On 2018-03-01 12:38, Ryan Lee wrote:
> Thanks for your response - is there more that would be useful in
> addition to what I already attached? We're logging at default level on
> the brick side and at error on clients. I could turn it up for a few
> days to try to catch this problem in action (it's happened several more
> times since I first wrote).
>
> On 2018-02-28 18:38, Raghavendra Gowdappa wrote:
>> Is it possible to attach logfiles of problematic client and bricks?
>>
>> On Thu, Mar 1, 2018 at 3:00 AM, Ryan Lee <ryanlee at zepheira.com
>> <mailto:ryanlee at zepheira.com>> wrote:
>>
>> We've been on the Gluster 3.7 series for several years with things
>> pretty stable.

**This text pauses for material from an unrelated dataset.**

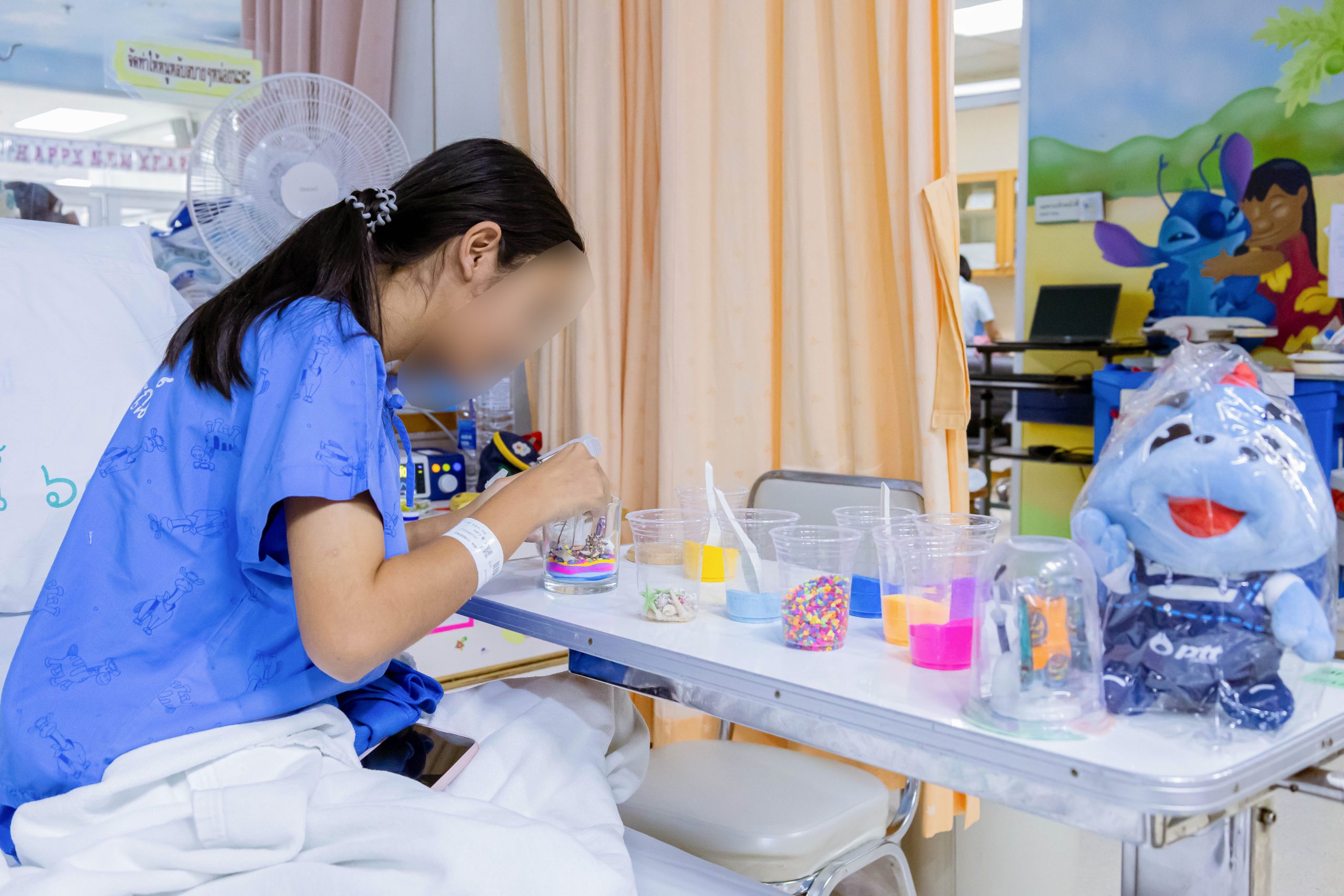 เมื่อวันที่ 22 เมษายน 2568 ศ.พญ.ดารินทร์ ซอโสตถิกุล หัวหน้าโครงการเด็กเจ็บป่วยเรื้อรังและศูนย์คอมพิวเตอร์เพื่อเด็กป่วยฯ โรงพยาบาลจุฬาลงกรณ์ สภากาชาดไทย พร้อมด้วยแพทย์ พยาบาล บุคลากร ให้การต้อนรับ คณะผู้บริหารและเจ้าหน้าที่ จาก บริษัท ปตท.จำกัด (มหาชน) นำโดย คุณเบญญาภรณ์ จารุจินดา ผู้ช่วยกรรมการผู้จัดการใหญ่ และคุณสวรา แขวงโสภา ผู้จัดการฝ่ายพัฒนาธุรกิจใหม่ และบริหารการลงทุน ร่วมจัดกิจกรรมสันทนาการต่างๆ อาทิ เพ้นท์กระถางต้นไม้ เพ้นท์ปูนปั้น ตกแต่งเทียนเจล เป็นต้น โดยกิจกรรมในครั้งนี้จัดขึ้นภายใต้โครงการ Volunteer : Smiles for little heroes นอกจากนี้ได้มอบตุ๊กตาเป็นของที่ระลึกและมอบสิ่งของต่างๆ ให้กับผู้ป่วยเด็กได้มีความสุข และเพื่อเป็นขวัญและกำลังใจ ณ ห้องเรียนเด็กเจ็บป่วยเรื้อรัง ตึก สก. ชั้น 12 โรงพยาบาลจุฬาลงกรณ์ สภากาชาดไทย

Given that it's reached EOL, yesterday I upgraded to
>> 3.13.2. Every Gluster mount and server was disabled then brought
>> back up after the upgrade, changing the op-version to 31302 and then
>> trying it all out.
>>
>> It went poorly. Every sizable read and write (100's MB) lead to
>> 'Transport endpoint not connected' errors on the command line and
>> immediate unavailability of the mount. After unsuccessfully trying
>> to search for similar problems with solutions, I ended up
>> downgrading to 3.12.6 and changing the op-version to 31202. That
>> brought us back to usability with the majority of those operations
>> succeeding enough to consider it online, but there are still
>> occasional mount disconnects that we never saw with 3.7 - about 6 in
>> the past 18 hours. It seems these disconnects would never come
>> back, either, unless manually re-mounted. Manually remounting
>> reconnects immediately. They only disconnect the affected client,
>> though some simultaneous disconnects have occurred due to
>> simultaneous activity. The lower-level log info seems to indicate a
>> socket problem, potentially broken on the client side based on
>> timing (but the timing is narrow, and I won't claim the clocks are
>> that well synchronized across all our servers). The client and one
>> server claim a socket polling error with no data available, and the
>> other server claims a writev error. This seems to lead the client
>> to the 'all subvolumes are down' state, even though all other
>> clients are still connected. Has anybody run into this? Did I miss
>> anything moving so many versions ahead?
>>
>> I've included the output of volume info and some excerpts from the
>> logs. We have two servers running glusterd and two replica volumes
>> with a brick on each server. Both experience disconnects; there are
>> about 10 clients for each, with one using both. We use SSL over
>> internal IPv4. Names in all caps were replaced, as were IP addresses.
>>
>> Let me know if there's anything else I can provide.
>>
>> % gluster v info VOL
>> Volume Name: VOL
>> Type: Replicate
>> Volume ID: 3207155f-02c6-447a-96c4-5897917345e0
>> Status: Started
>> Snapshot Count: 0
>> Number of Bricks: 1 x 2 = 2
>> Transport-type: tcp
>> Bricks:
>> Brick1: SERVER1:/glusterfs/VOL-brick1/data
>> Brick2: SERVER2:/glusterfs/VOL-brick2/data
>> Options Reconfigured:
>> config.transport: tcp
>> features.selinux: off
>> transport.address-family: inet
>> nfs.disable: on
>> client.ssl: on
>> performance.readdir-ahead: on
>> auth.ssl-allow: [NAMES, including CLIENT]
>> server.ssl: on
>> ssl.certificate-depth: 3
>>
>> Log excerpts (there was nothing related in glusterd.log):
>>
>> CLIENT:/var/log/glusterfs/mnt-VOL.log
>> [2018-02-28 19:35:58.378334] E [socket.c:2648:socket_poller]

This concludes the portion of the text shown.